By Gabriel Mata | The Rider
You listen to it every day, you love it and you feel ecstasy from it, yet you don’t know what it is. Music history and world music Assistant Professor Andrés Amado spoke about the philosophy of music.
The audience was first prompted to think of their favorite song, then to discuss with a neighbor why the song was their favorite. Students were encouraged to share their favorite songs with the rest of the audience as well as the reasons that they were their favorite.
Amado played the national anthem, as well as “Winter” by Antonio Vivaldi, asking the audience to describe what each piece meant or felt like to them.
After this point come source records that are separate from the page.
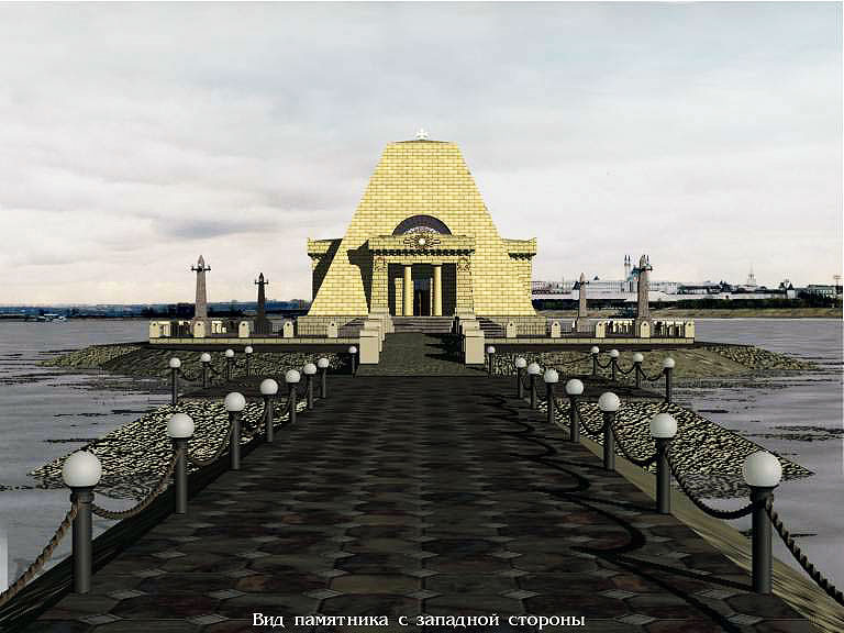 В 1805 г. из Симбирского Покровского монастыря был переведен в Успенский Зилантов архимандрит Амвросий Сретенский. Человек он был очень просвещенный и деятельный. Имел прекрасную библиотеку, после него остались богословские труды, им написанные и напечатанные.После победы над Наполеоном в России поднялась волна патриотизма, стали возводиться памятники в честь русского оружия и героизма. Амвросий решил создать на месте часовни памятник в виде «столпа», причем на свои средства, плюс небольшие пожертвования. Собрано было 5000 рублей.В 1812 г. проект памятника-столпа был представлен императору Александру I. Ему идея пришлась по душе, но он поручил переделать проект известному столичному архитектору Алферову. Однако Алферов создал только проект, надзор за строительством вел губернский архитектор А.К.Шмидт. Именно он сделал облицовку стен из белого камня. В 1813 г. государь утверждает план, а от себя жертвует 5000 рублей. Царская семья добавила столько же. Была объявлена всенародная подписка, давшая еще 100.135 рублей.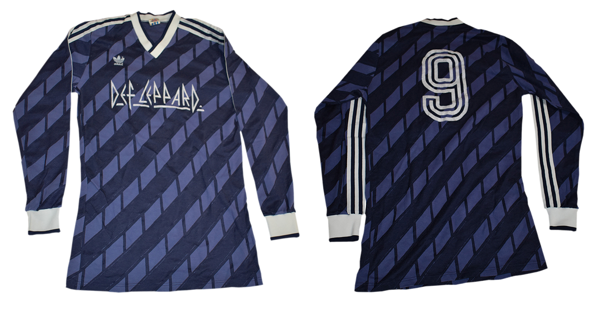 Made in 1987/88 this blue striped Adidas football jersey with white v-neck and cuffs. White Def Leppard logo adorns the chest, with Joe's number 9 printed on the back. A testament to the band's love of soccer that you can wear. From the collection of Def Leppard.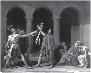 O Iluminismo apostava no uso da razão para a construção de uma nova ordem sociopolítica e, dessa maneira, recuperou os valores da cultura racionalista greco-romana. No campo das artes, esse procedimento resultou no neoclassicismo, que teve em Jacques-Louis David (1748-1825) um dos seus principais expoentes. Em O juramento dos Horácios (1785), David inspirou-se nos lendários irmãos Horácios, os três campeões de Roma que juraram lutar até a morte contra os Curiácios, os campeões da cidade de Alba, inimiga dos romanos.

To make sense of the first activity, Amado explained, “Music can be very personal. We may choose different pieces of music that speak to us, and even if we choose the same one [as someone else], it may not speak to us in the same kind of way.”
He said audience members’ response to the national anthem is patriotism.
“That’s because the context in which we experience the ‘Star-Spangled Banner’ is a collective context,” Amado said.
And with “Winter” the audience was in agreement that the piece felt ominous and creepy, but after reading a poem that the composer created for the piece, students’ views on the piece shifted.
Amado read a quote by Christopher Small that explains how music isn’t a physical thing.
“We have this word music that makes us think it’s a noun, [which], in fact, it’s not a thing. It’s something we do,” he said.
During the question-and-answer portion of the event, discussion quickly turned to what the piece “4’33” by John Cage means.
Some students argued that it was a form of commentary on how music was perceived, others believed that the piece was just nonsense created by an eccentric composer.
Asked what his favorite song was, Amado replied: “I don’t think I have a clear answer to that question because I think my music taste is very situational and sort of conditioned to a certain context.”